DESCRIPTION OF THE TASK
Return the data below unaltered, but strip out the pictures.

-------- RECORDS FOR PROCESSING --------

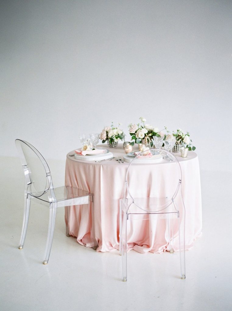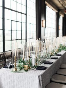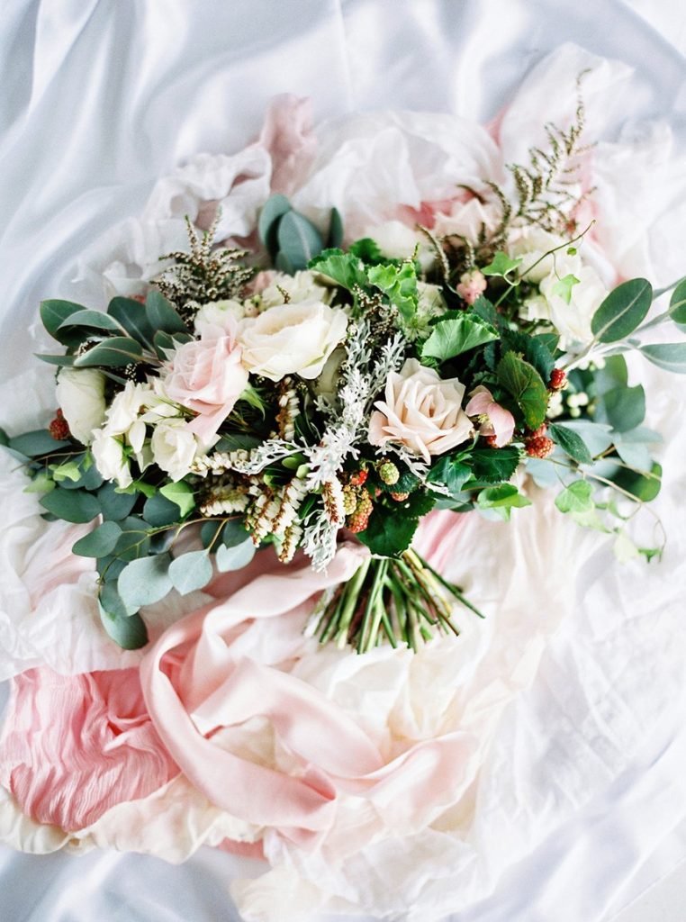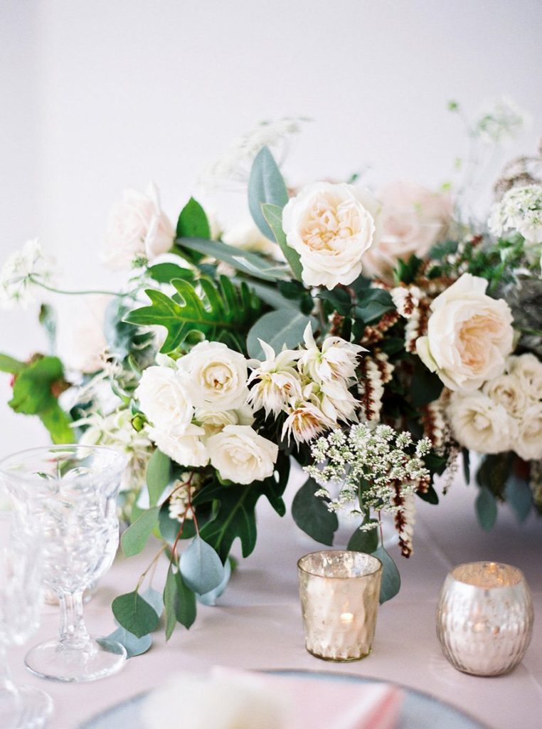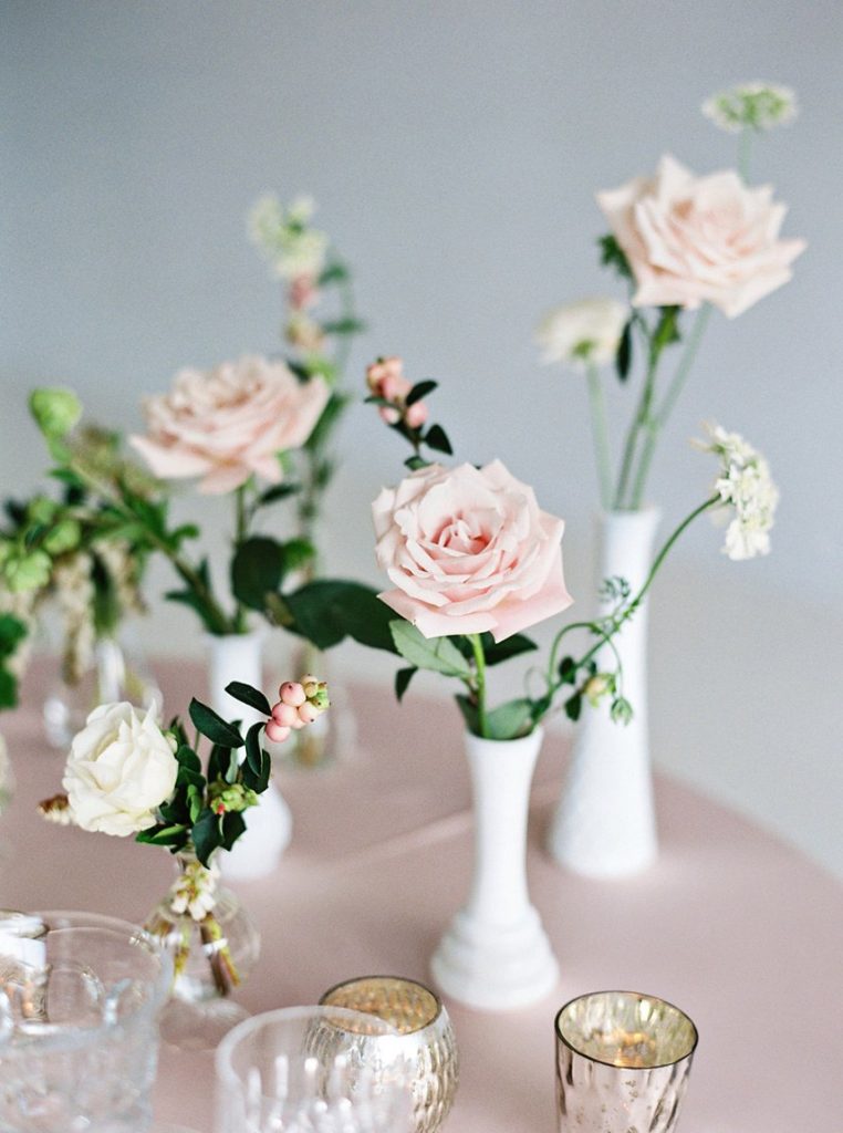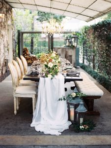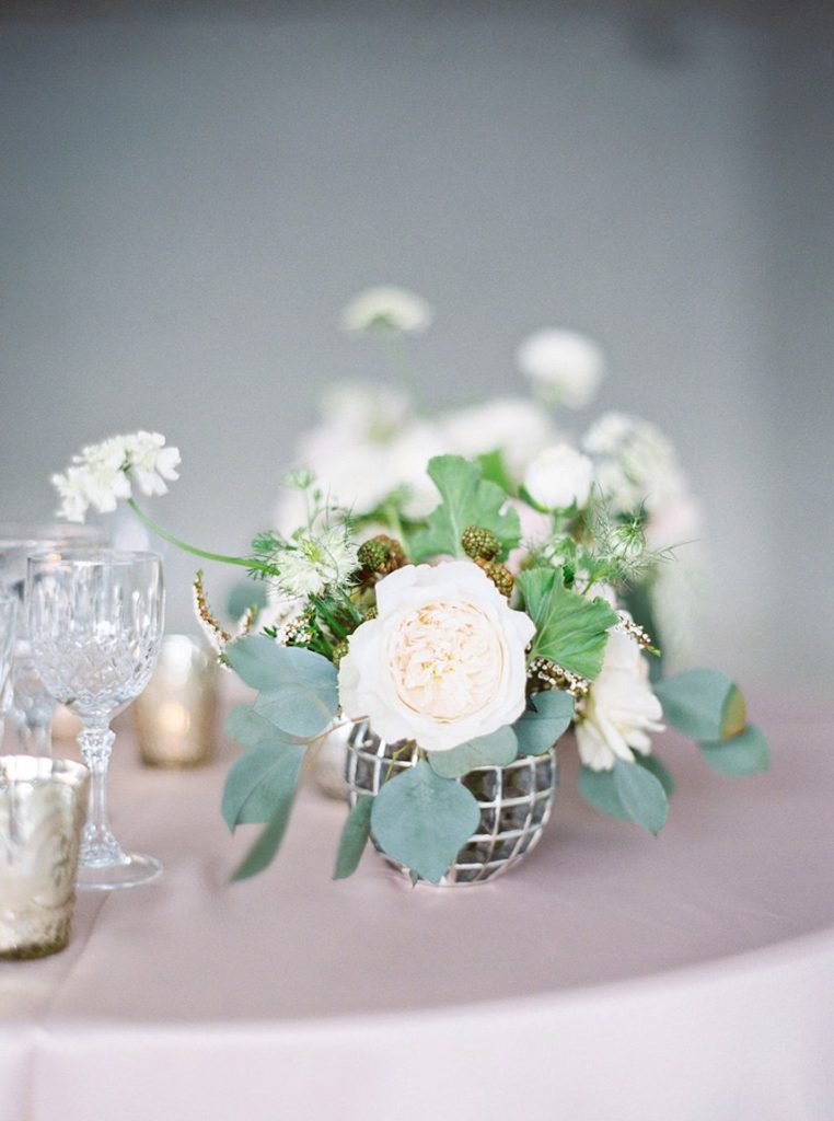To tone down the sweetness to an otherwise girly and glamorous shoot, we’re loving the unique take on this edgy, styled shoot of bridal portraits captured by Awake Photography. The team behind floral studio Flower Vibes dreamed up a concept where softness subtly toughens up by way of limb-climbing blooms meant to resemble beautiful, blossoming flower tattoos. To bring this vision to life, the team first used a simple color palette of greens, whites and subtle infusions of pink to create a floral cuff that spanned from the model bride’s forearm to her finger to mimic trendy jewelry hand chains. The same blooms were trimmed down and wrapped around her neck in a choker-style arrangement. Coordinating arrangements filled with roses, wildflowers and greenery were used in the bride’s overflowing bouquet, varying table top decor, place settings and even as embellishment on the bride’s shoes! Trend-conscious clear strap and lucite-heeled shoes were a perfect match for a form fitting, cold shoulder open weave gown matched with a sleek ponytail and neutral smokey eye from Hey Lovely. A sugary sweet table setting complete with soft pink linens and porcelain, marble and crystal serveware and candle lit votives was the proverbial icing on the cake to this unique bridal shoot!
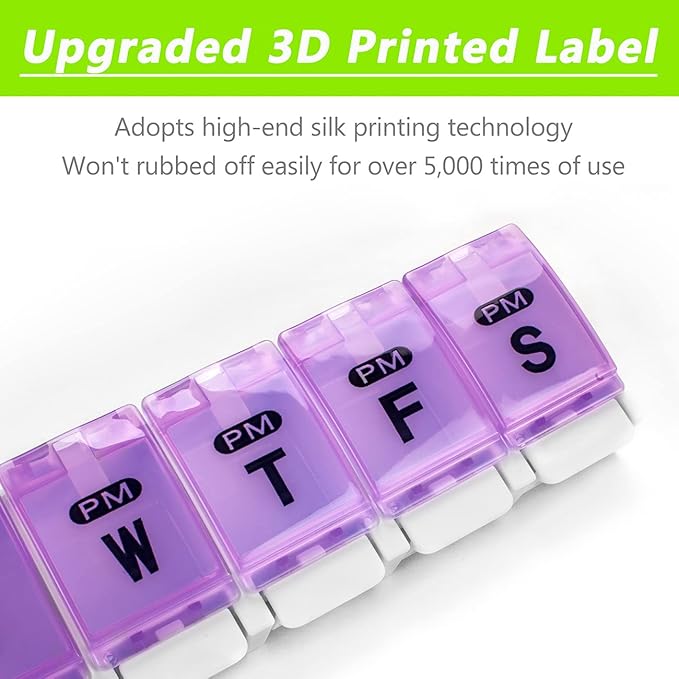 - Easy To Open: Our Extra Large 2 times a day pill box comes with push button design, press gently with your thumb on the front of this large 7 day pill organizer and the lid pops open, arthritis friendly, making it incredibly easy for you to open even with a single hand!
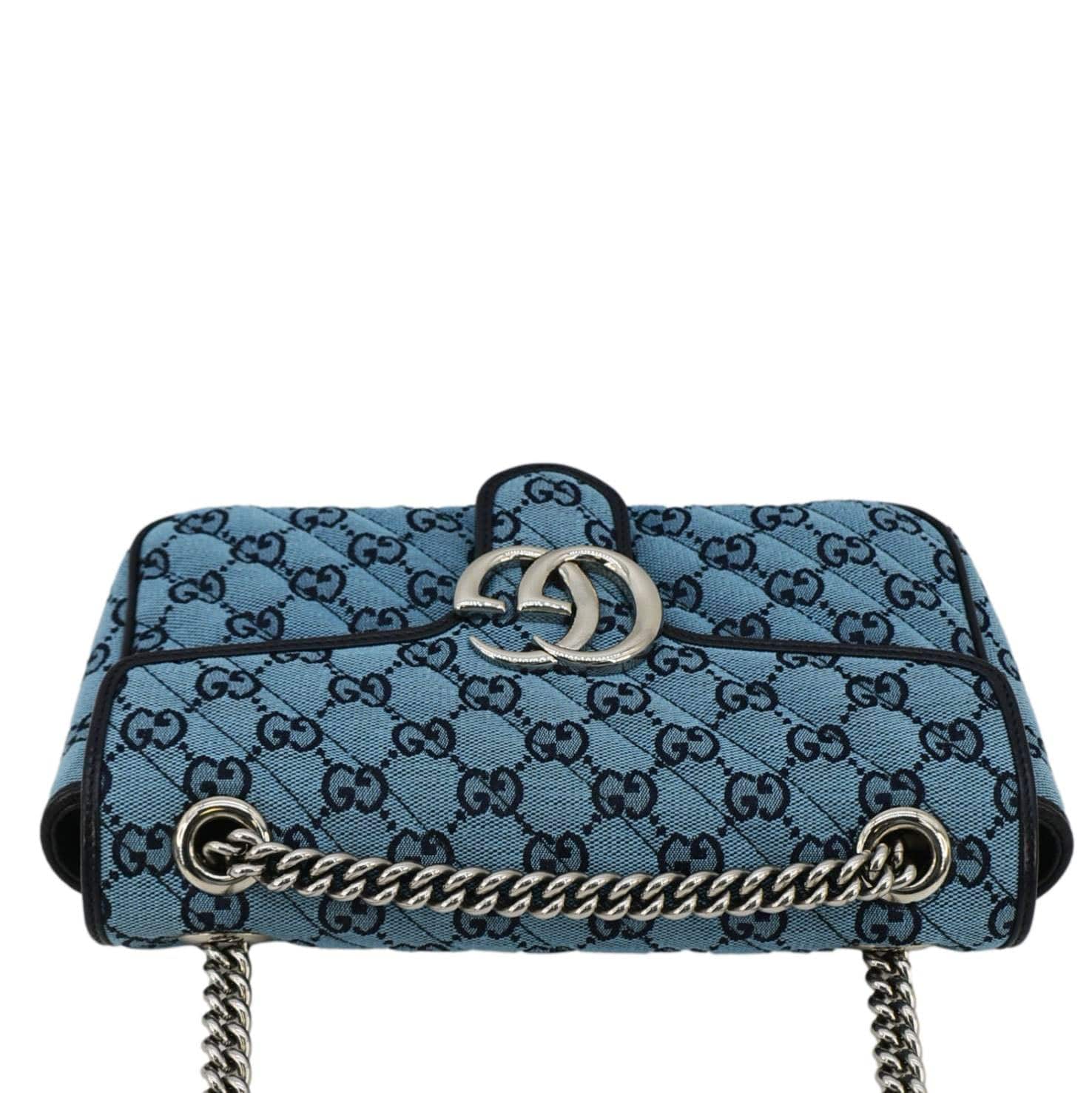 GUCCI GG Marmont Canvas Leather Blue Crossbody Bag
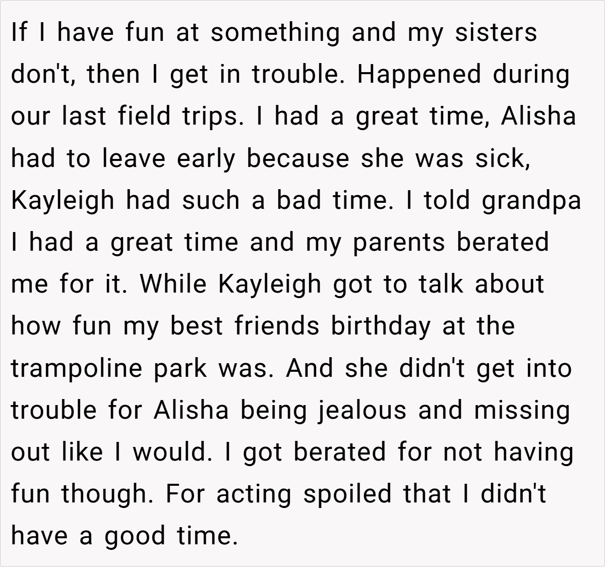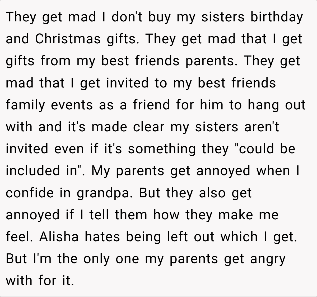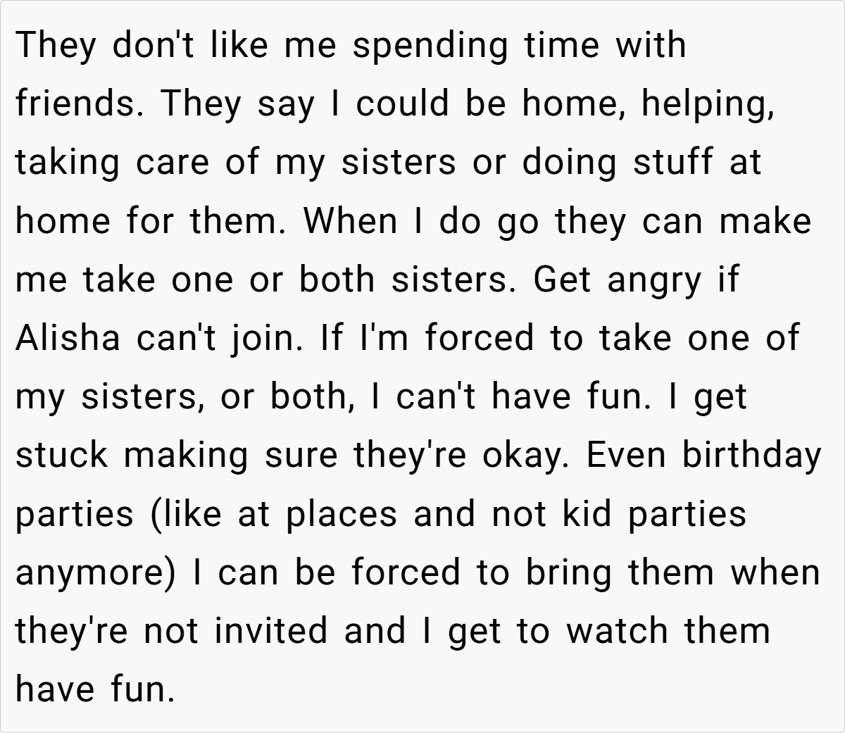 In this situation, the teen describes being sidelined from his own experiences while shouldering the burdens of caregiving. Constantly monitored and held to impossibly mature standards, he is expected to suppress his need for fun and autonomy. The resulting pressure not only stifles his social life but also jeopardizes his emotional well-being, making it hard for him to enjoy moments that should be part of a typical adolescence.
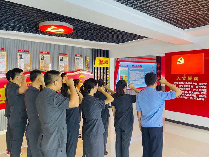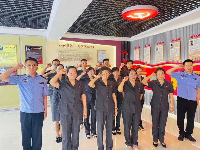 在鲜红的党旗前,干警庄严地举起右拳宣誓,整齐的声音、饱满的热情、昂扬的斗志提醒着每个党员牢记誓言、坚守初心、忠诚信仰,永葆共产党员的政治本色。这是每一个党员都经历过的庄严神圣的仪式,重温入党誓词,坚定为民服务的理念,让红色基因永远传承。

--------

RESPONSE TO THE EXERCISE
To tone down the sweetness to an otherwise girly and glamorous shoot, we’re loving the unique take on this edgy, styled shoot of bridal portraits captured by Awake Photography. The team behind floral studio Flower Vibes dreamed up a concept where softness subtly toughens up by way of limb-climbing blooms meant to resemble beautiful, blossoming flower tattoos. To bring this vision to life, the team first used a simple color palette of greens, whites and subtle infusions of pink to create a floral cuff that spanned from the model bride’s forearm to her finger to mimic trendy jewelry hand chains. The same blooms were trimmed down and wrapped around her neck in a choker-style arrangement. Coordinating arrangements filled with roses, wildflowers and greenery were used in the bride’s overflowing bouquet, varying table top decor, place settings and even as embellishment on the bride’s shoes! Trend-conscious clear strap and lucite-heeled shoes were a perfect match for a form fitting, cold shoulder open weave gown matched with a sleek ponytail and neutral smokey eye from Hey Lovely. A sugary sweet table setting complete with soft pink linens and porcelain, marble and crystal serveware and candle lit votives was the proverbial icing on the cake to this unique bridal shoot!
 - Easy To Open: Our Extra Large 2 times a day pill box comes with push button design, press gently with your thumb on the front of this large 7 day pill organizer and the lid pops open, arthritis friendly, making it incredibly easy for you to open even with a single hand!
 GUCCI GG Marmont Canvas Leather Blue Crossbody Bag
 In this situation, the teen describes being sidelined from his own experiences while shouldering the burdens of caregiving. Constantly monitored and held to impossibly mature standards, he is expected to suppress his need for fun and autonomy. The resulting pressure not only stifles his social life but also jeopardizes his emotional well-being, making it hard for him to enjoy moments that should be part of a typical adolescence.
 在鲜红的党旗前,干警庄严地举起右拳宣誓,整齐的声音、饱满的热情、昂扬的斗志提醒着每个党员牢记誓言、坚守初心、忠诚信仰,永葆共产党员的政治本色。这是每一个党员都经历过的庄严神圣的仪式,重温入党誓词,坚定为民服务的理念,让红色基因永远传承。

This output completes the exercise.